Szlachcic nieśpiesznie pokroił półgęska, zjadł go ze smakiem, popił dobrym łykiem zbitnia – a dopiero potem, zwracając się do swojego rozmówcy, odpowiedział:
– Ta stara kobieta, jak ona mi powiedziała w podziemiu domu podstarosty husiatyńskiego, nazywała się Janina Lisowska, urodziła się w rodzinie Andrzeja Lisowskiego, szlachcica herbu Jeż, który poległ przy szturmie Marienwerdera w wojnie pruskiej; matka oddała swoją córkę do służby w rodzinie Ostrogskich, więc do narodzin Elżbiety mieszkała ona w pokojach księcia Konstantego Iwanowicza w Turowie, służąc wdową księżnej. Kiedy w rodzinie najstarszego syna księcia, która właśnie poniósła ciężką stratę, pojawiło się dziecko, dziewczynka – Janinę przeprowadzili do Ostroga, i ona została opiekunką małej Elżbiety, ponieważ jej matka nie mogła właściwie zadbać o niemowlę – wszystkie siły Beaty były ukierunkowane na rozprawę z opiekunem brata jej zmarłego męża. W roku śmierci Ilyi jego brat Bazyli skonczył dopiero trzynaście lat, więc Beata miała szansę zostać spadkobierczynią majątku całej rodziny – zwłaszcza, że owdowiała księżna sama nie zawracała sobie głowy sprawami doczesnymi. Ale książę Jerzy Symeonowicz, brat wdowej księżnej, który został opiekunem Bazylego, nie tylko zdołał powstrzymać ingerencję Beaty do Wołyńskich posiadłości rodziny Ostrogskich, ale także postanowił poważnie zbadać tajemniczą śmierć Ilyi Konstantynowicza. Dlatego Beata całą swoją siłę wykorzystywała na konfrontację z rodziną szwagra… – Po tych słowach Pan Sławomir uśmiechnął się smutno.

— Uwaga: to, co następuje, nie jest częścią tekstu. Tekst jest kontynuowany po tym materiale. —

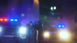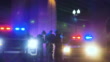 Rear view of two multiracial police officers arresting a criminal suspect, with his hands handcuffed behind his back. One of the officers is an African-American man and the other is a policewoman, both in their 40s. It is nighttime, and they standing between two police cars with emergency lights on.

– Więc ta Janina była małej Halszce zamiast matki? – spytał Pan Stanisław.
– I nawet więcej. Wie Pan, czasami dzieci nie mogą powiedzieć matce wszystkiego, o czym myślą – natomiast niani może, niania zawsze więcej wie o dziecku niż własnf matka… Więc Janina została dla małej Elżbiety i matką, i nianią, i starszą siostrą – wszystkim naraz…

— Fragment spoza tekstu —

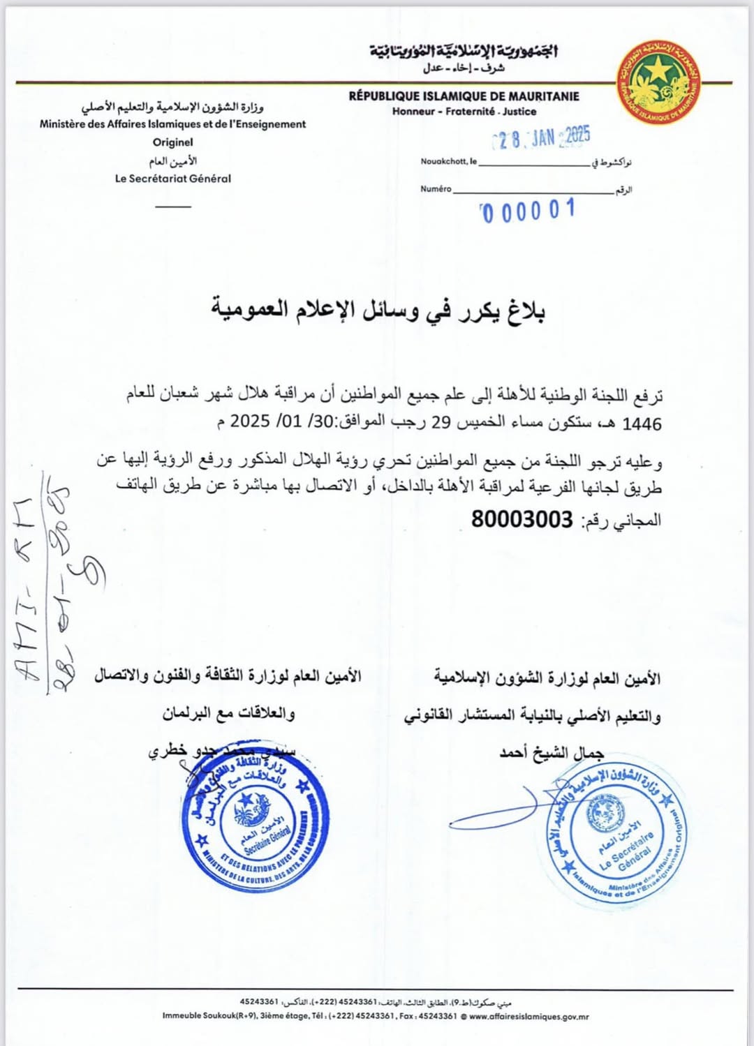 وأكدت اللجنة طلبها، للمواطنين، برفع رؤية هلال شهر شعبان إليها، عن طريق فروعها بالداخل الموريتاني، أو الاتصال بها مباشرة عن طريق الهاتف المجاني رقم 80003003.

Jak już mówiłem, Elżbieta od urodzenia nabyła prawo do posiadania niezliczonych bogactw – zgodnie z wolą Ilyi, cała jego własność, którą najstarszy syn Wielkiego Hetmana Litewskiego odziedziczył od swego ojca: połowa Księstwa Ostrogskiego z Dubnem, Ostrogiem, Czudnowem, Połonnym, Kropiłowem, Lubartowem, Dermaniem, Meżyriczem, Litowiżem, do tego jeszcze trzy i pół dziesiątka miast i zamków z sześciuset czterdziestoma trzema miasteczkami i wioskami, gospodarstwami, zaściankami i osadami – razem ponad sześćdziesiąt tysięcy chłopów pańszczyźnianych. Miała także prawo do otrzymywania cła na wywóz zboża i lasów, polowań w Puszczy Krzemienieckiej, myta od kupców handlujących z Krymem… Elżbieta – a raczej jej matka – otrzymywała dochody z zamków, ziem uprawnych, łąk, pastwisk, ogrodów, gruntów ornych, lasów, gajów, pasiek, goscińców, fabryk, targów, myta, przewozu, mostów, jezior, stawów, rzek, lowów ryb, młynów, stad bydła domowego i z roboty niewolników i niewolnic. Rocznie to wszystko przynosiło w tamte czasy co najmniej sto pięćdziesiąt tysięcy kop litewskich groszy!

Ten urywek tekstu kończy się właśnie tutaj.